New
#1
Perhaps it's best never to store passwords on any IT system?
LastPass is scrambling to fix another serious vulnerability | PCWorldThe flaw could allow for remote code execution or password theft.
For the second time in two weeks developers of the popular LastPass password manager are working to fix a serious vulnerability that could allow malicious websites to steal user passwords or infect computers with malware.
Perhaps it's best never to store passwords on any IT system?
Tavis found the vulnerability and LastPass is working on fixing it; what is the problem? No security software is perfect and never will be. The argument for using LastPass has always been all of the other much more serious security problems it solves, eg weak passwords, users using the same password on multiple sites, users forgetting passwords and/or writing them down on sticky notes, etc.
I am a LastPass user, and this doesn't scare me at all. Tavis seems to have made improving LastPass a project of his - hopefully LastPass is compensating him for his efforts - and this will benefit LastPass users in the long run.
In the mean time, Tech blogs will have fodder for their FUD stories following every tweet Tavis makes about LastPass, completely missing the point that it's security is actually being improved by this, and no one is exploiting any of these vulnerabilities.
Better to be scrutinized, and updated quickly. It's the fact that LastPass responds so quickly to resolve the issue that gives me peace about the whole situation.
And in the latest case, it was demonstrated to LastPass what could be done. It's not an active exploit. Kudos to LastPass for jumping right in and fixing it.
Are you telling me that you use
- A different password for every site
- A password that is long enough and complex not to guess
- You can either memorize them all, or only need to access a local password database to get to them?
I'm so inundated with passwords, for both work and home.
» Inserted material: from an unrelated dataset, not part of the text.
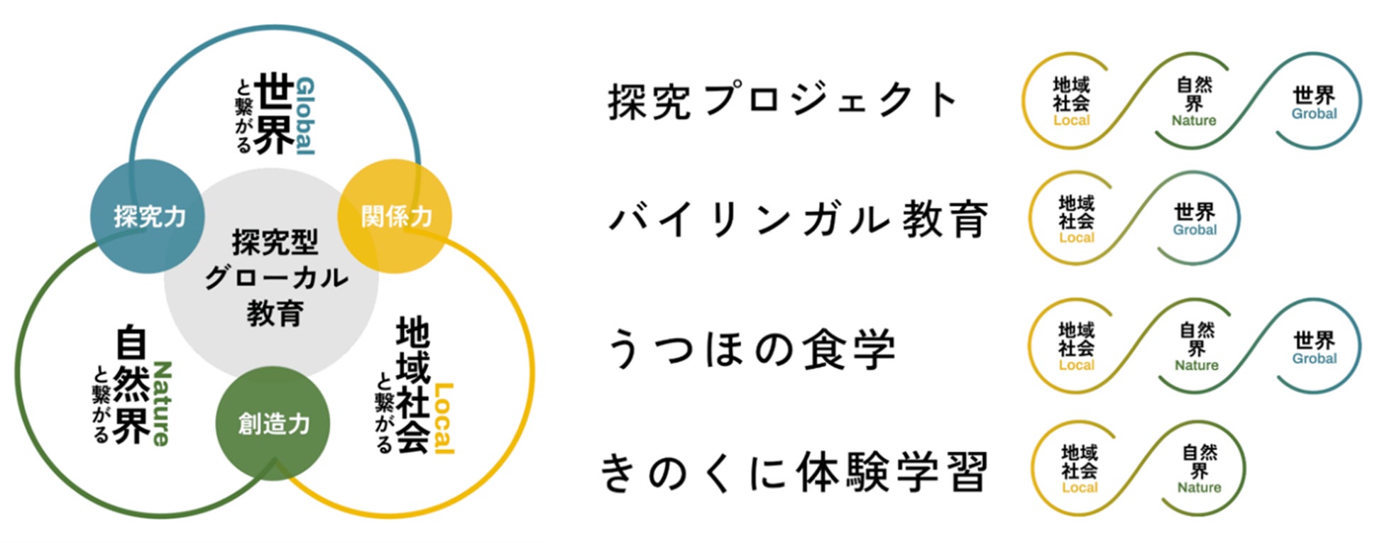 学校理念は、「グローバル社会で幸せに生きる力を全ての子供たちに」「自らの力で未来を開く」「熊野古道と世界がつながる学びの聖地へ」とし、その理念を叶えるために、世界・地域・自然とつながり、関係力・想像力を育んでいく「探究型グローカル教育」を行い、2025年4月開校を目指しています。

I work on a variety of machines. It's become necessary to have my passwords available in all places I might be, so managing them on my own isn't great. Even if I put them on my phone, it would be ok until I lost my phone.
Passwords are such a necessary evil today, but there will hopefully be a better way in the future.
Lastpass can generate random passwords to your specification without even pressing a keystroke thereby avoiding keyloggers.